Look through the data below. Pick out the lines holding the string "Prinz".

Task material: Begin

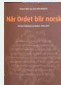
Når Ordet blir norsk Sverre Bøe og Geir Otto Holmås, Tapir Akademisk Forlag (2012)

– Det er et symptom på at Bibelen fortsatt er en viktig bok i vårt land.
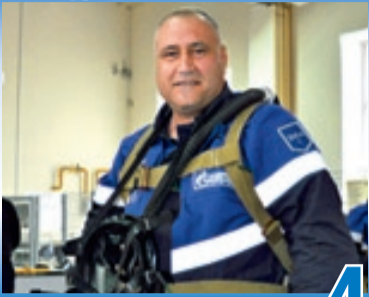
БЫСТРО ВЫЯВИТЬ И УСТРАНИТЬ
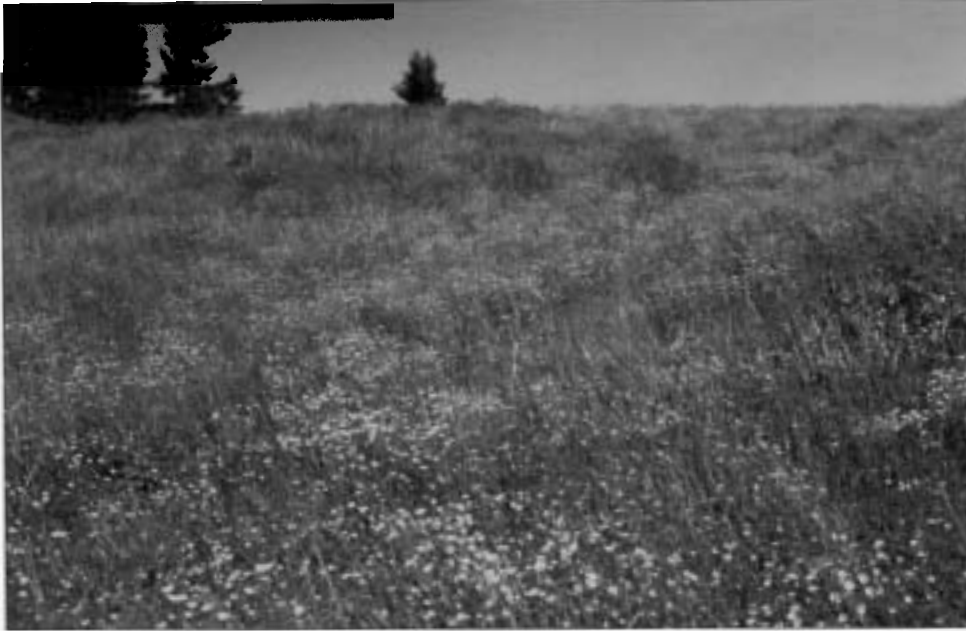
Die Form des Phosphateinsatzes hängt von der Bodenart ab

Phosphate (P) kommen im Boden sowohl anorganisch (Ortophosphate) als auch organisch gebunden in Mengen bis zu 2000 kg P/ha und mehr vor. Da nur ein geringer Teil der Phosphate im Boden pflanzenverfügbar ist und diese auch im Boden fixiert werden können, muss durch Kultur- und Düngungsmaßnahmen ständig versucht werden, den P-Vorrat laufend zu mobilisieren. Lesen Sie dazu nachstehenden Beitrag von Dipl.-HLFL-Ing. Josef Galler.
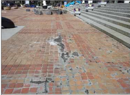
대강당 앞 바닥 백화발생
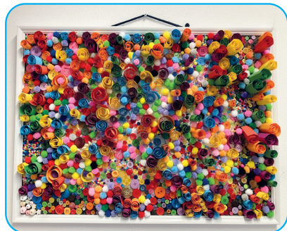
Gezamenlijk gemaakt kunstwerk

Apotheek Aan de Berg, Berg 22b. Maandag t/m vrijdag 08.00 - 18.00 uur.
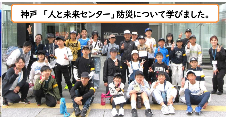
神戸「人と未来センター」防災について学びました。
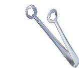
⑩EBM ステンレス 天ぷらトング
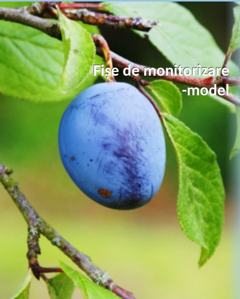
Fise de monitorizare -model

AFIR va realiza în plus propria monitorizare pentru validarea rambursării cererilor de plată depuse de beneficiar pentru investiția ce se realizează.
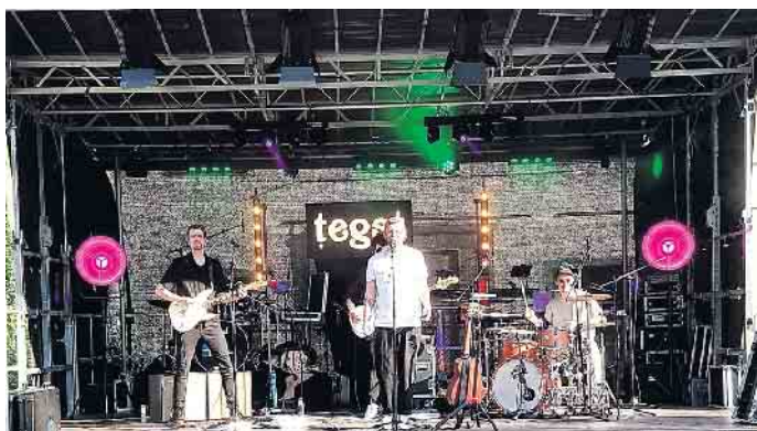
Die Band „teget“ aus Hildesheim trat bei „Live in Bad Driburg“ im Eggelandpark auf.

Am Donnerstag, 18. Juli, hieß es zum zweiten Mal „Live in Bad Driburg“. Das traumhafte Sommerwetter lockte viele Gäste auf das Gelände des Eggeland-Parks. Für super Stimmung sorgten die Band „teget“ aus Hildesheim und die Partyband „Unglaublich“ aus dem Kreis Höxter. Bei kühlen Getränken und
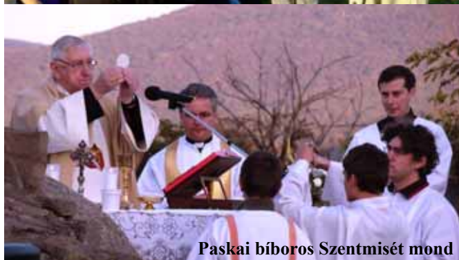
Paskai bíboros Szentmisét mond
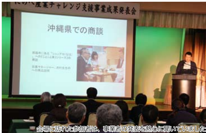
会場に訪れた参加者は、事業者の発表を熱心に聞いていました

市が、新たな事業の創出や特産品の開発などに取り組む事業を支援する「にのへ産業チャレンジ支援事業」の成果発表会は3月26日に行われ、10組がこれまでの成果を発表しました。にのへの産業活性化を目指し、個性あふれる視点で取り組んできた事業を紹介します。
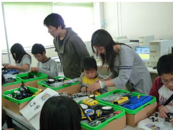
レゴロボットを組み立てる子供たち(写真右)
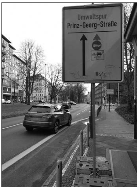
Die Umweltspur an der Prinz-Georg-Straße soll am 1. März abgeschafft werden.

Was die Abschaffung der Umweltspuren verkehrstechnisch für Pempelfort bedeutet ist noch unklar. Denn für Autofahrer ändert sich wohl erst einmal nichts. Die beiden Umweltspuren auf der Prinz-Georg-Straße sollen nach Vorschlag der Stadtverwaltung in Radfahrstreifen umgewandelt und dann für Linienbusse freigegeben werden. Elektroautos oder Taxis dürfen die Spuren dann nicht mehr nutzen. So soll der Radverkehr in der Stadt gestärkt werden.
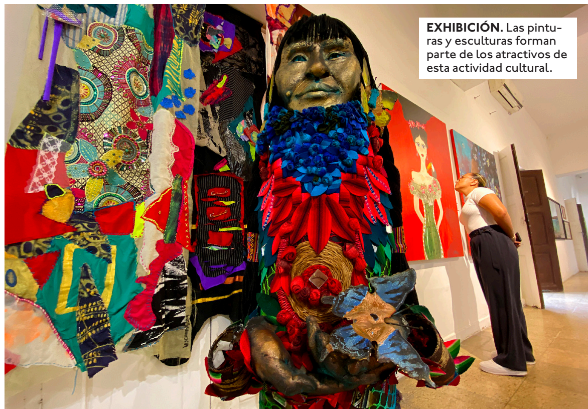
EXHIBICIÓN. Las pinturas y esculturas forman parte de los atractivos de esta actividad cultural.
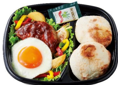
ロコモコ風サラダ (パンセット) 590円

サラダの上に、デミグラスソースをかけた1/2カットのハンバーグ、ウェッジカットポテト、目玉焼きを盛り付けた商品です。ハンバーグや野菜をパンに挟んで、ハンバーガーのようにお召し上がりいただくのもおすすめです。チーズ、アンチョビ、ガーリックの風味を効かせた、クリーミーでコクのある別添のシーザーサラダドレッシングをかけてお楽しみください。

Task material: End

*Task result*.
Die Umweltspur an der Prinz-Georg-Straße soll am 1. März abgeschafft werden.
Was die Abschaffung der Umweltspuren verkehrstechnisch für Pempelfort bedeutet ist noch unklar. Denn für Autofahrer ändert sich wohl erst einmal nichts. Die beiden Umweltspuren auf der Prinz-Georg-Straße sollen nach Vorschlag der Stadtverwaltung in Radfahrstreifen umgewandelt und dann für Linienbusse freigegeben werden. Elektroautos oder Taxis dürfen die Spuren dann nicht mehr nutzen. So soll der Radverkehr in der Stadt gestärkt werden.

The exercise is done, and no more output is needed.